Os Estados Unidos acusam o Irão de ser, alegadamente, o "maior patrocinador do terrorismo” na região, com apoio a grupos como Hezzbollah, Hamas, Jihad Islâmica, houthies e uma rede de outros grupos armados xiitas localizados no Iraque. O Irão acusa os Estados Unidos de "ser o fomentador da desestabilização da região”, de atentar contra a soberania, com o apoio incondicional a Israel, de presença militar ilegal na Síria e no Iraque, razão pela qual usa os seus aliados para "pressionar” a retirada da maior potência militar mundial da região.

Sectores radicais em Israel e nos Estados Unidos, depois do ataque mortífero que custou a vida de três militares e o ferimento de 25 outros, na fronteira entre a Jordânia e a Síria, acto reivindicado por apoiados pelo Irão, defenderam que a Administração Biden deve atacar directamente o Irão, em solo iraniano, em vez de ir atrás dos seus aliados ou de militares do Exército dos Guardiães da Revolução Islâmica na Síria e Iraque.

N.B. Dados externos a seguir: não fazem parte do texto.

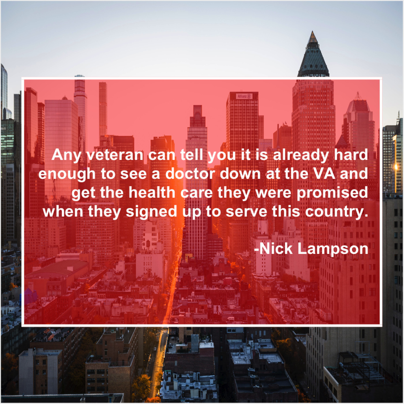 Nick Lampson Nick Lampson – Any veteran can tell you… September 14, 2019 admin “Any veteran can tell you it is already hard enough to see a doctor down at the VA and get the health care they were promised when they signed up to serve this country.”-Nick Lampson

Biden já explicou que os Estados Unidos poderão, se necessário, atacar directamente o Irão, uma perspectiva que poderá revestir o actual clima de "guerra por procuração” da confrontação directa, de consequências imprevisíveis para a região.

Militarmente, o Irão não tem como enfrentar, em pé de igualdade, o poderio militar americano, mas, assimetricamente, tem capacidade para causar estragos avultados aos seus interesses na região, a começar com ataques ao país que os iranianos entendem como a causa de toda a inimizade entre si, Israel. Depois, seguem-se as bases americanas na região, os porta-aviões,  "destroyers” e até navios comerciais que estão ou estarão todos ao alcance dos mísseis iranianos, além do papel que os aliados no Líbano, Iraque, Síria e Iémen.

Os dois países estão conscientes das consequências de uma eventual confrontação militar directa, razão pela qual nada indica que os Estados Unidos e o Irão se vão envolver em guerra aberta, salvo ataques cirúrgicos americanos e obviamente com respostas, igualmente, limitadas por parte do Irão.

Esperemos que, à semelhança do que aconteceu com o Iraque, em 2003, quando políticos e fazedores de opinião, nos média israelita e americano, "agitaram” para o derrube de Saddam Hussein, a pretexto das infundadas acusações de produção de armas de destruição em massa, não ocorra agora com justificações semelhantes e os políticos no Estados Unidos e Irão, com poder de decisão, aprendam com o que se passou com a invasão ao Iraque.